Step 2: Building k-Means Clustering models (elbow method)

# #OR
# totwss <- sapply(1:15, function(x) {set.seed(1234); kmeans(wineR[-1], x,)$tot.withinss})

wssplot <- function(data, nc=15, seed=1234, title) {
  #' Given a data frame, plot total within sum of squares by number of clusters from 1 to nc
  #' Input: data - the data frame
  #'        nc - number of clusters, default nc=15
  #'        seed - random seed, default seed=1234
  #'        title - the figure title
  #' Output: ggplot
  
  totwss <- numeric(nc)
  for (num in 1:nc) {
    set.seed(seed)
    totwss[num] <- kmeans(data, centers=num)$tot.withinss
  }
  #totwss[1] == (nrow(data)-1)*sum(apply(data,2,var)), i.e., (178-1)*(14-1)
  
  fig <- ggplot(aes(x,y), data=data.frame("x"=c(1:nc), "y"=totwss))+geom_line()+geom_point(size=2.5)+labs(x="Number of Clusters (starting with k=1)", y="Total Within Sum of Squares")+ggtitle(title)+theme_classic()
  return(fig)
}

wssplot(wineR[-1], title="Fig. 2. Plot of TotW.SS by k in \"Wine\" Clustering")

 

Step 3: Cluster analysis

set.seed(1234)
cluster.analysis <- NbClust(wineR[-1], min.nc=2, max.nc=15, method="kmeans")

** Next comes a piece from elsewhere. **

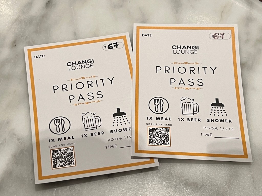 Upon presentation of our digital Priority Pass membership card we were granted premium level access; the highest tier possible. There was no wait at the membership desk and our access was confirmed immediately. We were provided with two coupons so that lounge staff could keep track of who had purchased which corresponding tier.

## *** : The Hubert index is a graphical method of determining the number of clusters.
##                 In the plot of Hubert index, we seek a significant knee that corresponds to a 
##                 significant increase of the value of the measure i.e the significant peak in Hubert
##                 index second differences plot. 
## 

## *** : The D index is a graphical method of determining the number of clusters. 
##                 In the plot of D index, we seek a significant knee (the significant peak in Dindex
##                 second differences plot) that corresponds to a significant increase of the value of
##                 the measure. 
##  
## ******************************************************************* 
## * Among all indices:                                                
## * 2 proposed 2 as the best number of clusters 
## * 19 proposed 3 as the best number of clusters 
## * 1 proposed 14 as the best number of clusters 
## * 1 proposed 15 as the best number of clusters 
## 
##                    ***** Conclusion *****                            
##  
## * According to the majority rule, the best number of clusters is  3 
##  
##  
## *******************************************************************
#Also note that length(unique(wineR$Wine)) == 3
#Number of clusters chosen by 26 criteria
table(cluster.analysis$Best.n[1,]) #e.g., 19 proposed 3 as the best number of clusters
## 
##  0  1  2  3 14 15 
##  2  1  2 19  1  1
#n <- readline(prompt="Enter the best number of clusters: ")
set.seed(1234)
k2 <- kmeans(wineR[-1], 3, nstart=25)
table(k2$cluster)
## 
##  1  2  3 
## 62 65 51
k2$centers %>% kable(digits=3) %>% kable_styling(font_size=12)
Alcohol Malic.acid Ash Acl Mg Phenols Flavanoids Nonflavanoid.phenols Proanth Color.int Hue OD Proline
0.833 -0.303 0.364 -0.608 0.576 0.883 0.975 -0.561 0.579 0.171 0.473 0.777 1.122
-0.923 -0.393 -0.493 0.170 -0.490 -0.076 0.021 -0.033 0.058 -0.899 0.461 0.270 -0.752
0.164 0.869 0.186 0.523 -0.075 -0.977 -1.212 0.724 -0.778 0.939 -1.162 -1.289 -0.406 
aggregate(wine[-1], by=list(Cluster=k2$cluster), mean) %>% kable(digits=3) %>% kable_styling(font_size=12)
Cluster Alcohol Malic.acid Ash Acl Mg Phenols Flavanoids Nonflavanoid.phenols Proanth Color.int Hue OD Proline
1 13.677 1.998 2.466 17.463 107.968 2.848 3.003 0.292 1.922 5.454 1.065 3.163 1100.226
2 12.251 1.897 2.231 20.063 92.738 2.248 2.050 0.358 1.624 2.973 1.063 2.803 510.169
3 13.134 3.307 2.418 21.241 98.667 1.684 0.819 0.452 1.146 7.235 0.692 1.697 619.059 
(t <- table(wineR$Wine, k2$cluster)) #Note: indices do not necessarily mean that Cluster 1 is Wine Type 1, etc., but this case is so because the first column (Wine Type) is in increasing order.
##    
##      1  2  3
##   1 59  0  0
##   2  3 65  3
##   3  0  0 48
(sum(diag(t))/sum(t))*100
## [1] 96.62921
par(mfrow=c(1,1))
cluster::clusplot(wineR[-1], k2$cluster, main="2D Representation of the Cluster Solution", lines=0, labels=4)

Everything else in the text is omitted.